Tania Justina León and Adolphus Cunningham Hailstork are featured at AfriClassical.com:

Dr. Timothy Holley will present a pair of faculty recital performances on Saturday, September 29, 7:00 pm, and October 20, 2012 in B. N. Duke Auditorium at 4:00 pm at North Carolina Central University.  The program, titled “Shapeshifters, Bluesmen and Sacred Circles” will feature the solo cello music of African-American composers. 

The composers featured on this program are John E. Price, Dorothy Rudd Moore, Tania León, Trevor Weston, Noel Da Costa and Adolphus Hailstork—four of whom are still alive and quite active!!  This majority-group of composers represents the generation that came of age in the 1960s and helped to stoke the fires of change via the Civil Rights Movement.  Their lives and works reflect that generation’s push for full social and political inclusion, full artistic appreciation and professional opportunity, and the attempt of laying full claim to American equality in the greatest possible sense while maintaining their African-American heritage.

Trevor Weston represents the younger generation who’ve come of age after the apex of the Civil Rights Movement and benefited from its forward progress.  His work, “Shapeshifter” (The Angry Bluesman) is one of the major works of the program.  Its title draws more from a “shared” vocabulary--the blues and the vast menu of technologically produced sounds.  The program’s closing work, Theme & Variations of Adolphus Hailstork uses a Shaker melody (“Draw the Sacred Circle Closer”) that resembles two other well-known American folk-song melodies: “Barbara Allen” and “Simple Gifts” (the latter which Aaron Copland used in his ballet score “Appalachian Spring").

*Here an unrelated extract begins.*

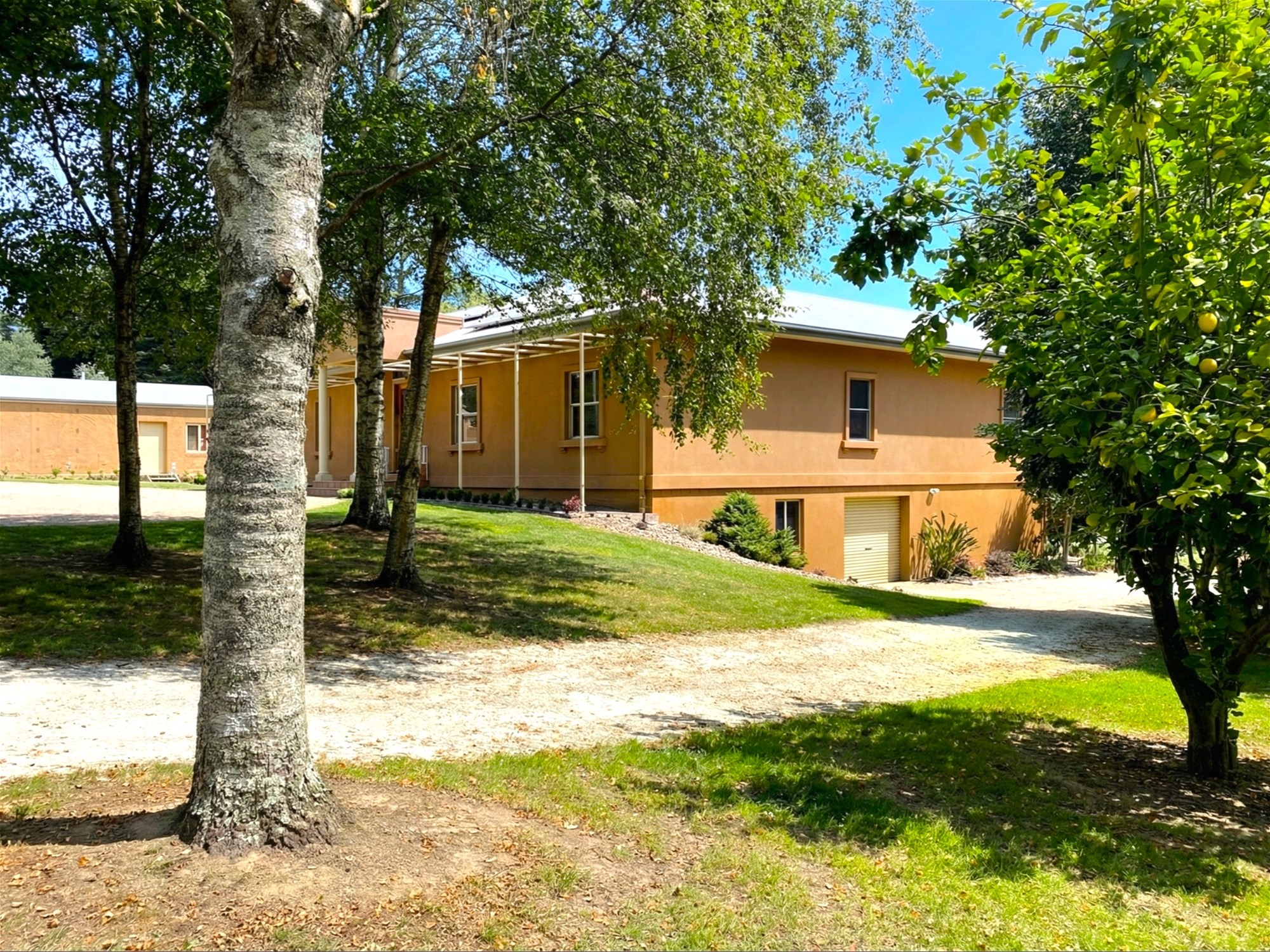Construction quality and thermal stability continue into the ancillary building, where an architecturally striking poured earth structure incorporates a double garage, an impressive studio space, and an adjoining carport with separate wood storage. The substantial poured earth walls provide natural thermal mass, helping moderate temperatures throughout the seasons and making the studio especially appealing for creative work, fitness, hobbies, workshop use or a work-from-home setup. Beautifully finished throughout, it also includes kitchenette facilities, a separate toilet and vanity area, quality lighting, considered electrical fit-out and electric vehicle (EV) charging.
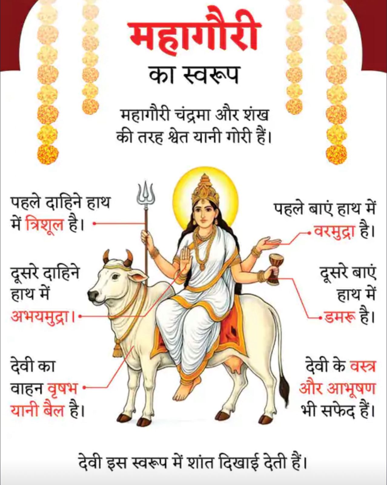 नवरात्रि की अष्टमी तिथि पर देवी महागौरी की पूजा करें। देवी का ये स्वरूप गौर वर्ण हैं यानी महागौरी बहुत गोरी हैं। महागौरी सफेद वस्त्र धारण करती हैं, इसलिए इनकी पूजा में सफेद कपड़े पहनने चाहिए। इनकी पूजा करने से भक्त के नकारात्मक विचार दूर होते हैं और मन को शांति मिलती है।

The works of Price, Moore, Leon and Da Costa explore the varieties of melodic and expressive capacities through the medium of the blues and other folk music sources.  Each work has its own distinct sound-world, but each manages to somehow avoid inordinate duplication of formal structure and expressive gesture.  The most formidable challenge of this program to the listener…might be the absence of the piano!!

The program is free and open to the general public.